Peptide-based chiral derivatizing reagents in nano-scale liquid chromatography: Effect of the oxidation state of cysteine moiety on enantioseparation of ibuprofen

Mass spectrometry is a powerful instrument for identifying the structures of target compounds. However, one of the major disadvantages is that mass spectrometry could not directly distinguish between enantiomers.

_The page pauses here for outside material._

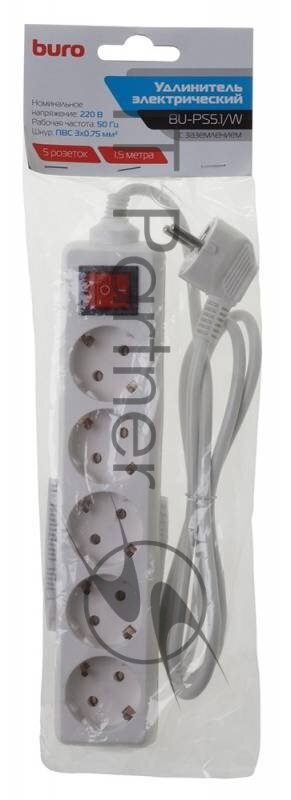 Удлинитель Buro BU-PS5.1/W 1.5м белый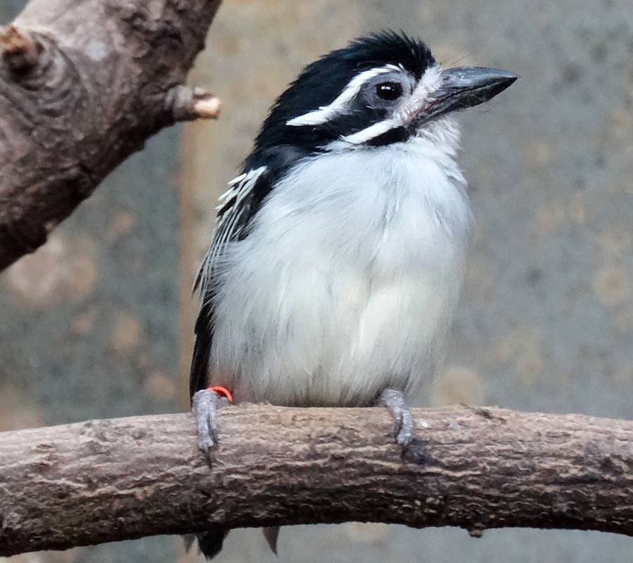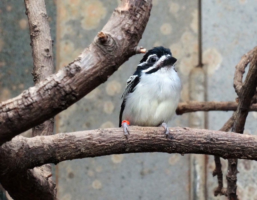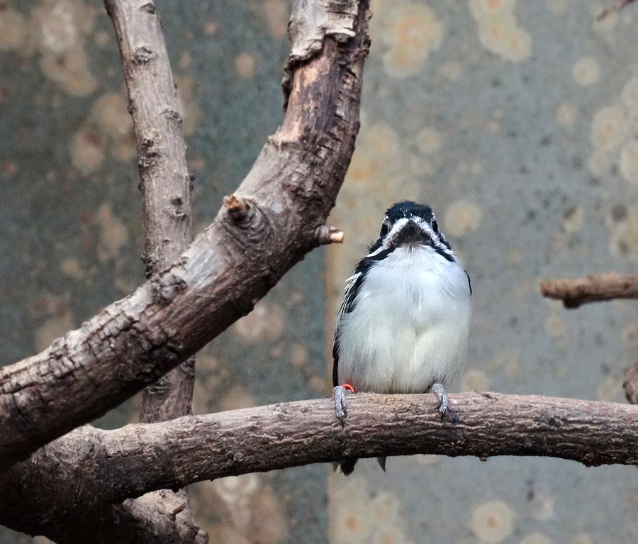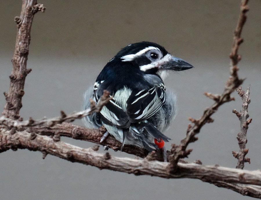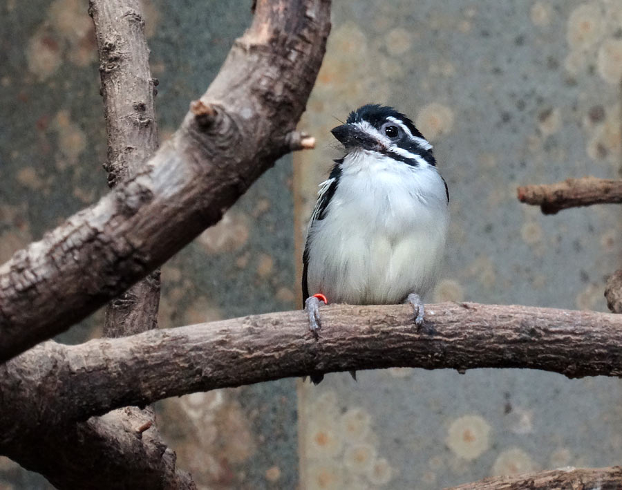 Goldbürzel-Bartvogel (Pogoniulus bilineatus) im Wuppertaler Zoo im Dezember 2015.

Cysteine, a special amino acid containing a thiol group, can undergo a variety of oxidative modifications. The different redox states of cysteine existing in a peptide or protein may interact differently with the stationary phase in a chromatographic column. In this study, we developed a peptide that can be used as a chiral derivatization reagent for the enantioseparation of drugs using nano-scale liquid chromatography. Ibuprofen, a model analyte to evaluate the chiral separation efficiency of peptide-based derivatizing reagents, is a widely used antiinflammatory drug. After the peptide derivatizing reagents were micro-coupled with ibuprofen, the solution was injected into a nano-flow column. The separation of the (R) and (S) forms of ibuprofen was performed on the nano-scale, using a C18 75 mu m capillary column at a flow rate of 400 nL/min. The results indicated that the peptide AAAACAAAR comprising tri-oxidized cysteine is most suitable for separating (R)- and (S)-ibuprofen at the nano-scale flow rate without using a chiral column. The detection of (R)- and (S)-ibuprofen in only 10 mu L human plasma (by pricking the finger) was sufficient with an injection volume of 200 nL. The linear range for detecting the (R) and (S) forms of ibuprofen in plasma was 1-100 mu g/mL, the relative standard deviation (RSD) for the precision analyses was below 17 %, and the recovery for the method was 86%-109%. Using the peptide as a chiral derivatization reagent with a suitable cysteine oxidation state, we successfully separated and quantitated the (R) and (S) forms of ibuprofen in commercial tablets and plasma samples. Finally, our computation simulations suggested that the oxidization state of cysteine affects the formation of solute-solvent hydrogen bonds, which might influence the separation efficiency on the C18 column by changing the molecular binding affinity with the column stationary phase.

Automated summary

This study developed a peptide-based chiral derivatization reagent for the successful separation and quantitation of the (R) and (S) forms of ibuprofen in nano-scale liquid chromatography. Using a suitable cysteine oxidation state, the peptide as a chiral derivatization reagent enabled the separation of enantiomers in commercial tablets and plasma samples. Computational simulations also suggested that the oxidation state of cysteine affects solute-solvent hydrogen bond formation, influencing the separation efficiency on the C18 column.